## [DATA]
=-=-=

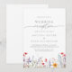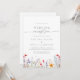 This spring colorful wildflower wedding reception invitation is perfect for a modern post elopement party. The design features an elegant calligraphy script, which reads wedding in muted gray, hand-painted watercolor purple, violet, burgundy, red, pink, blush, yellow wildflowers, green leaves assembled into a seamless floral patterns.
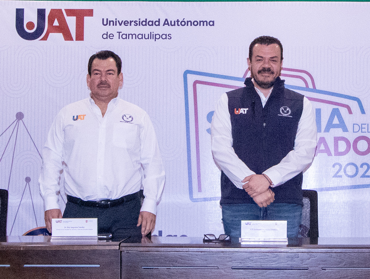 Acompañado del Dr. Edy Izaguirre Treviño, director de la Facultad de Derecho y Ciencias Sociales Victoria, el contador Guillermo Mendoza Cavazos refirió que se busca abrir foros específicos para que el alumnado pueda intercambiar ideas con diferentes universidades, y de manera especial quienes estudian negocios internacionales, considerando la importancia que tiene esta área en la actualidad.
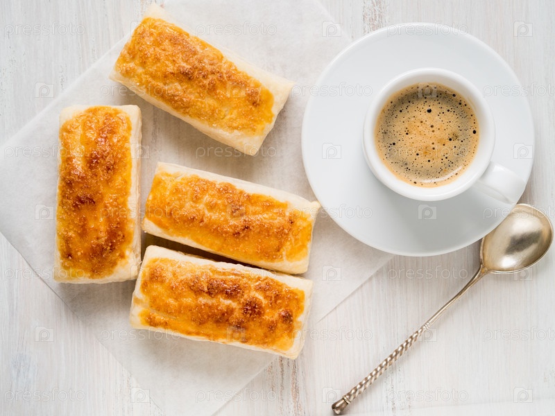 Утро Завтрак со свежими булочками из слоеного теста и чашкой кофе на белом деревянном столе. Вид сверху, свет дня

=-=-=

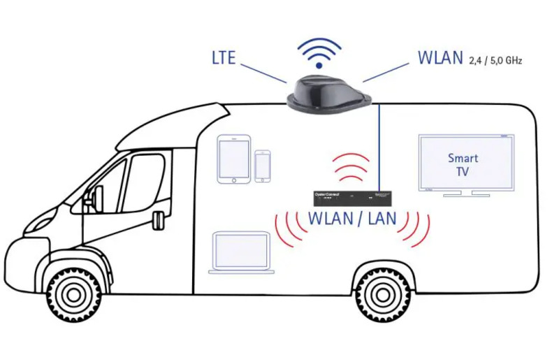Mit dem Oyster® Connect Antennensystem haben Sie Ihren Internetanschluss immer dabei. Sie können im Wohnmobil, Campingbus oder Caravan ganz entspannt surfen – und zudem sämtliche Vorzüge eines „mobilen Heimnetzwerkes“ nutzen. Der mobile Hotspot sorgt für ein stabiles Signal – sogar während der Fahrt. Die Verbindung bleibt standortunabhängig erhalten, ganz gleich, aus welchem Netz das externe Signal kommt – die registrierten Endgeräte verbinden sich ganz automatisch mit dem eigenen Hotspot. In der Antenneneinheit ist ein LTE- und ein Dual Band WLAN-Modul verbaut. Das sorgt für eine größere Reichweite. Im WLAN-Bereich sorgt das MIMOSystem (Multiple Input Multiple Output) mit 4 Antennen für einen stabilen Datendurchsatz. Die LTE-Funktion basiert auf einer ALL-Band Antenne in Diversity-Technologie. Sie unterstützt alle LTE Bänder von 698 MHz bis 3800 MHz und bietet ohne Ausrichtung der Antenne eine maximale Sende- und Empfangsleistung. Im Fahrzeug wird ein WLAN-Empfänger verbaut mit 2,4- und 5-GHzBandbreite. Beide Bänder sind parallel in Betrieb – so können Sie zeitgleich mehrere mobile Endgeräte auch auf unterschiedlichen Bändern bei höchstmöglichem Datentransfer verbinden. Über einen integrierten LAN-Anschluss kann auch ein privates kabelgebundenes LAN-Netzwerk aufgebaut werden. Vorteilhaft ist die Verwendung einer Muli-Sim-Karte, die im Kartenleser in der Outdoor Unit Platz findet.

=-=-=

## [WHAT YOU HAVE TO DO]
I'd like the lines above repeated exactly, from the one that contains "Acompañado del Dr." through the one that contains "Утро Завтрак со", with no pictures.

## [TASK SOLUTION]
 Acompañado del Dr. Edy Izaguirre Treviño, director de la Facultad de Derecho y Ciencias Sociales Victoria, el contador Guillermo Mendoza Cavazos refirió que se busca abrir foros específicos para que el alumnado pueda intercambiar ideas con diferentes universidades, y de manera especial quienes estudian negocios internacionales, considerando la importancia que tiene esta área en la actualidad.
 Утро Завтрак со свежими булочками из слоеного теста и чашкой кофе на белом деревянном столе. Вид сверху, свет дня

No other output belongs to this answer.